【大阪万博の遺産】太陽の塔、解体危機からの奇跡の復活劇

太陽の塔。1970年大阪万博の象徴として、岡本太郎氏の手によって生み出されたこの巨像は、実は一度は解体の危機に瀕していた。今回は、万博閉幕後、撤去の危機から奇跡の復活を遂げた太陽の塔の歴史を紐解いていく。

撤去対象だった太陽の塔

1970年の大阪万博は、多くのパビリオンが閉幕後6ヶ月以内に解体されるという条件で開催された。これは世界的な博覧会の標準的な慣行であり、長期的な保存は想定されていなかった。万博終了後、多くのパビリオンが次々と姿を消していく中、太陽の塔も例外ではなく、当初は「保留」という曖昧な状態に置かれていた。

1972年、日本万国博覧会記念協会は、太陽の塔を含む記念公園の開発計画を発表。その中で、維持費の高騰を理由に太陽の塔を1976年度に解体する方針を決定した。爆破による撤去案まで検討されていたというから驚きだ。

太陽の塔(写真=663highland/CC-BY-SA-3.0/Wikimedia Commons)太陽の塔(写真=663highland/CC-BY-SA-3.0/Wikimedia Commons)

高校生の手紙が未来を変えた

しかし、太陽の塔の運命を大きく変える出来事が起こる。1974年、大阪の高校生、藤井秀雄さんが新聞で撤去計画を知り、日本万国博覧会記念協会に手紙を送ったのだ。「夢と希望を与えてくれた太陽の塔を壊さないでほしい」という切実な訴えは、大きな反響を呼び、保存を求める署名活動へと発展。そして1975年、ついに太陽の塔の永久保存が決定された。

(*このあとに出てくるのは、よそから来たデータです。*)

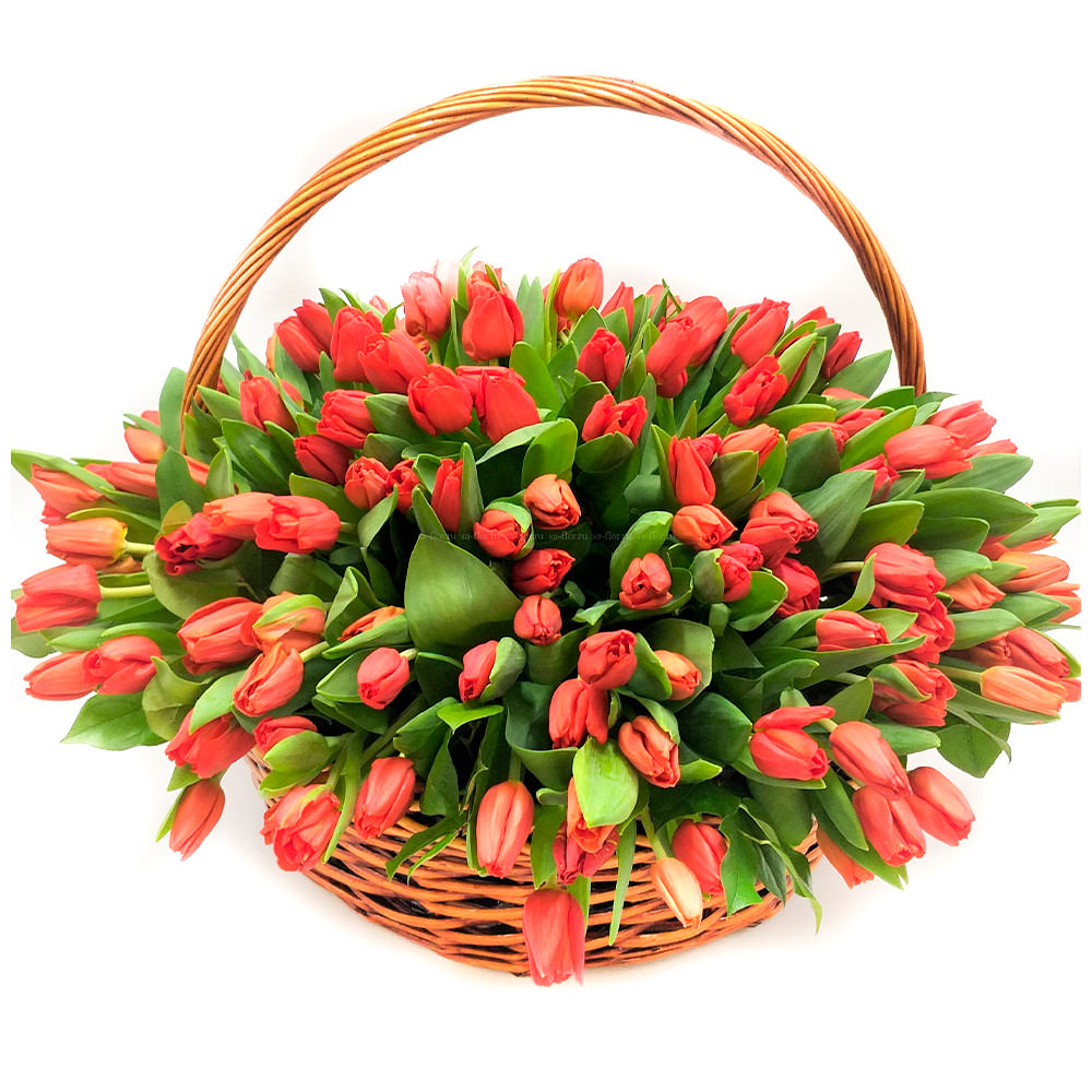 Цветы в корзинке «Красные тюльпаны» с доставкой по г Железнодорожный (Балашиха): вы можете купить букет в онлайн-магазине «Флормания» по цене от 3190 руб.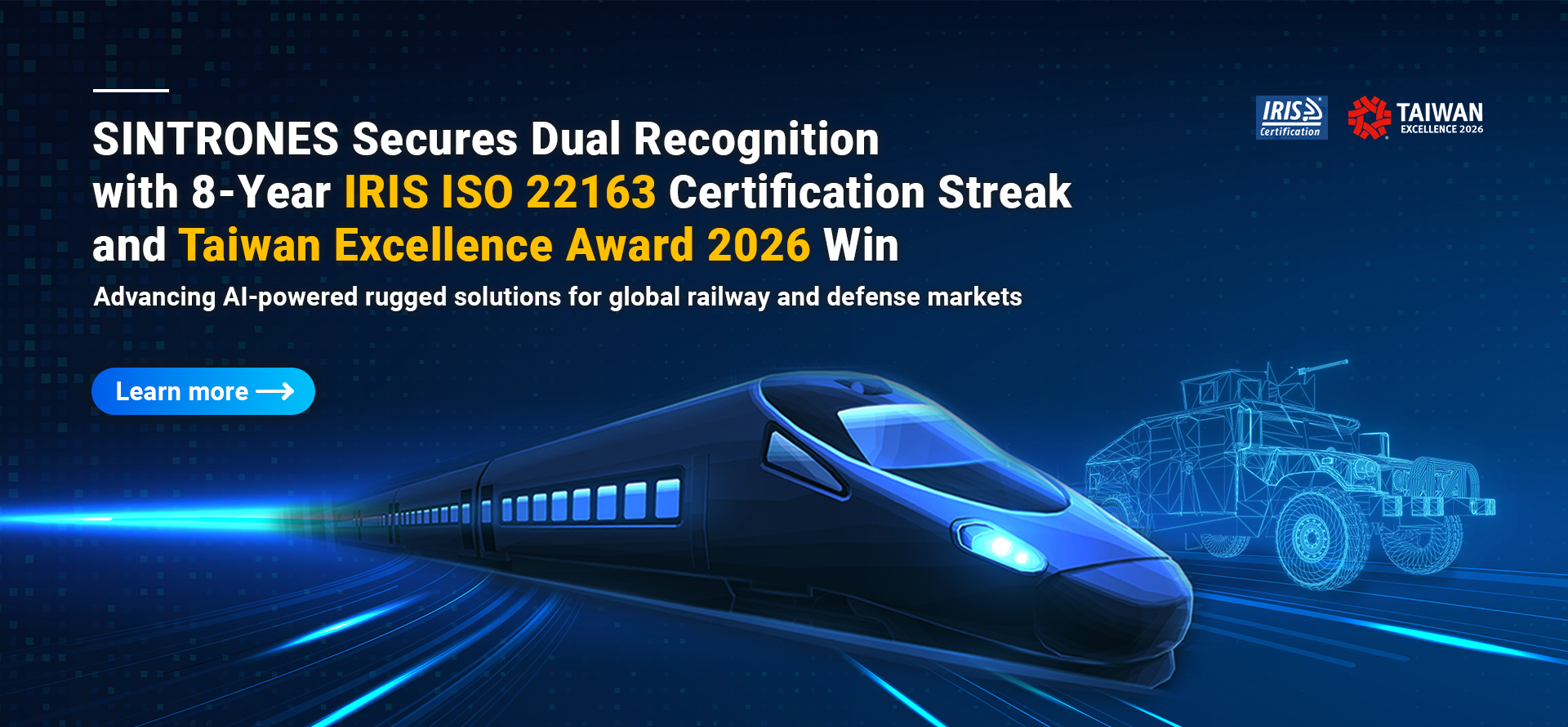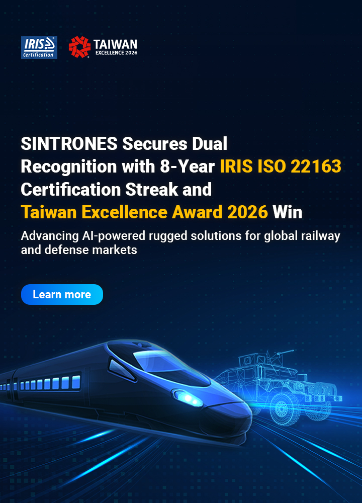 Founded in 2009, SINTRONES Technology (TWSE 6680) is a global innovator in rugged industrial and Edge AI computing solutions. Guided by its vision to power every moving industry with reliable edge intelligence and make smart cities safer and smarter, SINTRONES continues to advance intelligent computing for mission-critical applications worldwide. Certified under ISO 22163 (IRIS), ISO/IEC 27001, and ISO 9001, and compliant with EN50121, EN50155, and E-Mark standards, SINTRONES serves critical sectors including transportation, automation, military and defense, and healthcare, where performance, reliability, and innovation must work seamlessly together.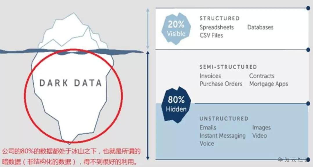 AA公司统计“暗数据”占比达80%,就像下图冰山在水下的部分。这些暗数据,导致信息是断裂的,传统的自动化不能访问。业界最头疼的就是如何处理这部分数据?
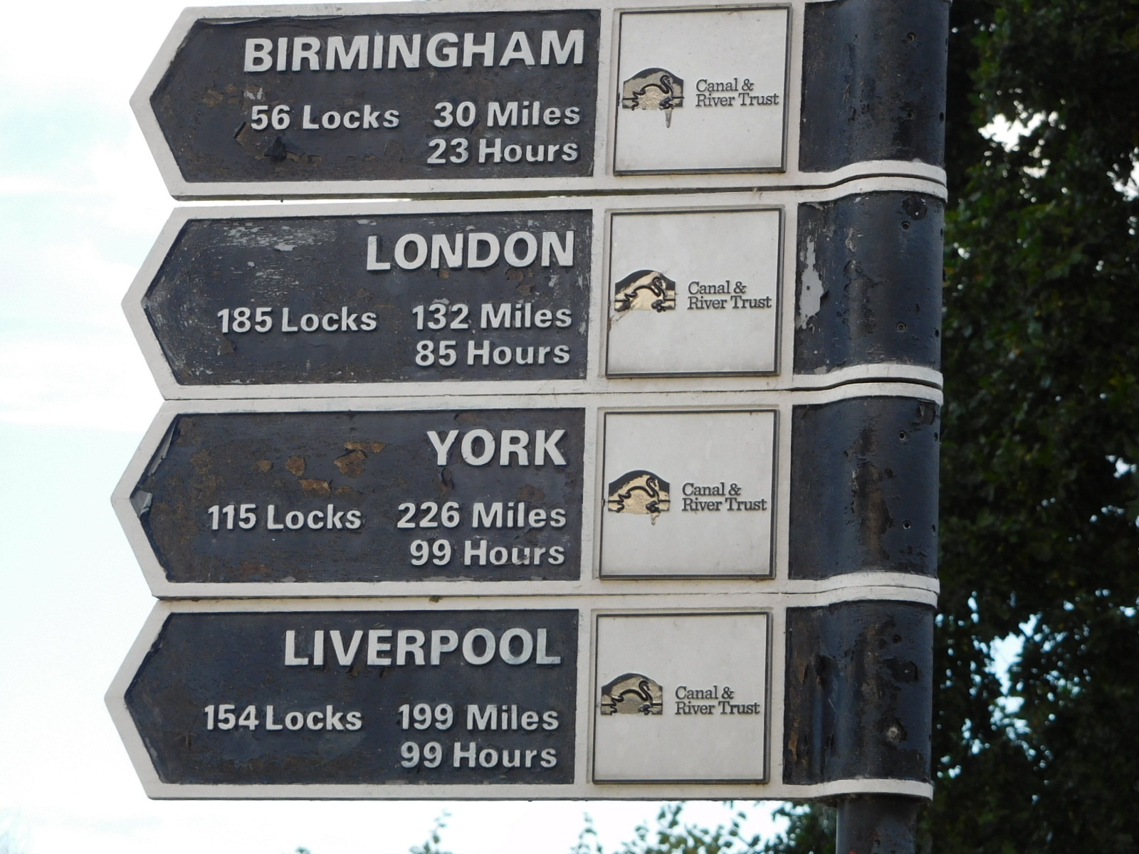 The canal was interesting for a sign detailing how long it would take to get anywhere on it. You need to pass 185 locks to get to London!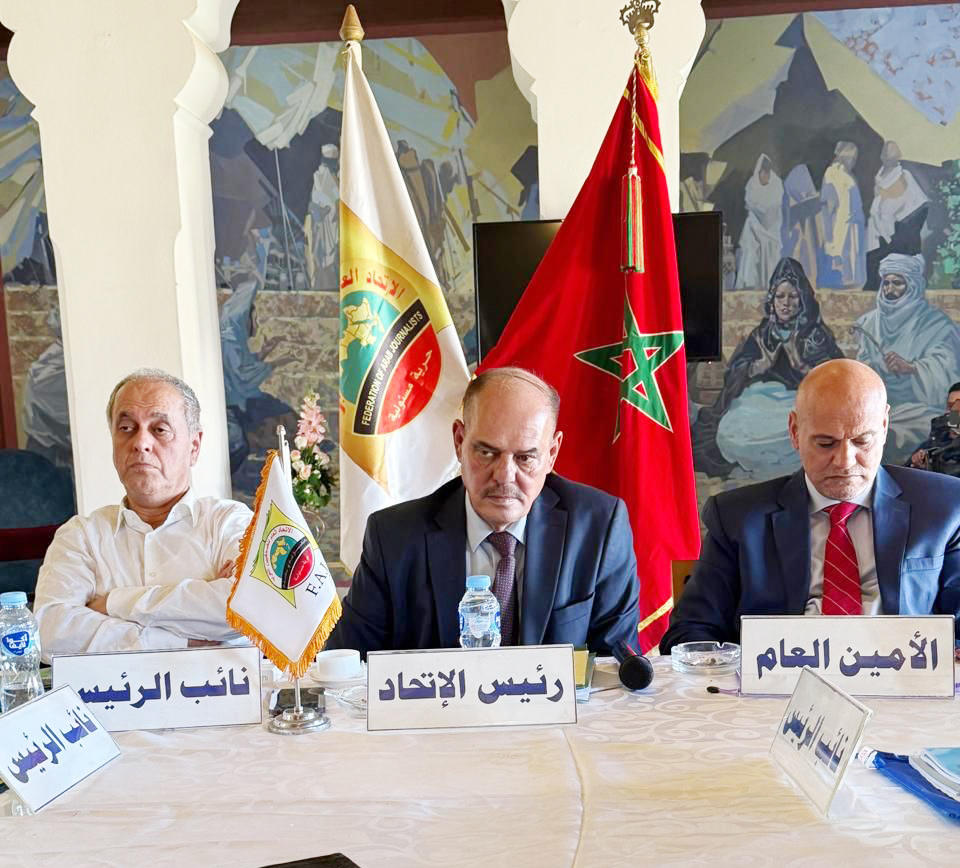 جددت الامانة العامة لاتحاد الصحفيين العرب في اجتماعها الدوري برئاسة رئيس الاتحاد مؤيد اللامي بمدينة العيون المغربية تأكيدها على مواقفها الثابتة تجاه قضايا الأمة العربية العادلة وفي مقدمتها القضية الفلسطينية التي تتعرض في الظروف الراهنة إلى أخطر التهديدات الهادفة إلى إقبار هذه القضية العادلة و المطالب المشروعة المرتبطة بها.

一人の高校生の行動が、未来を変えた瞬間だった。当時の新聞記者が藤井さんの自宅に取材に訪れたという事実からも、この出来事がいかに社会的に大きなインパクトを与えたかがわかる。

未来への希望を託されたシンボル

高度経済成長期の真っただ中、太陽の塔は未来への希望を象徴する存在だった。多くの人々にとって、それは単なるモニュメントではなく、未来への夢や希望が詰まった特別な存在だったのだ。

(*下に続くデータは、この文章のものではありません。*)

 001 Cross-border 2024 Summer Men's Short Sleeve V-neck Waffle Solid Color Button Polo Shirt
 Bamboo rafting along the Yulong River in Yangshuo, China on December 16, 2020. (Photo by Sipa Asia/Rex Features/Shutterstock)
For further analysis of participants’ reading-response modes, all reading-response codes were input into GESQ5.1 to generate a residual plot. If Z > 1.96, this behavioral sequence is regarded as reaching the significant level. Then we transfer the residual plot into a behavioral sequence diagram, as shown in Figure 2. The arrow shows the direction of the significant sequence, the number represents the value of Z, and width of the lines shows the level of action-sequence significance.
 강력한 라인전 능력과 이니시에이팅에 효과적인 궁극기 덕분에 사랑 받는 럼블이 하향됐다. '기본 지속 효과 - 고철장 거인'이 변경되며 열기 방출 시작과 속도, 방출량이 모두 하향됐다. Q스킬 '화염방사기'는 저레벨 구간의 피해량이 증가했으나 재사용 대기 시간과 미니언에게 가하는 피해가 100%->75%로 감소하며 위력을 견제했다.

世界最大級の木造建築「大屋根リング」世界最大級の木造建築「大屋根リング」

1970年の万博を経験した世代にとって、それは単なるイベントではなく、日本の未来そのものだった。そして、太陽の塔はその象徴として、今もなお人々の心に生き続けている。解体の危機を乗り越え、未来へと受け継がれていく太陽の塔は、私たちに未来への希望と、未来を切り開く勇気を与えてくれるだろう。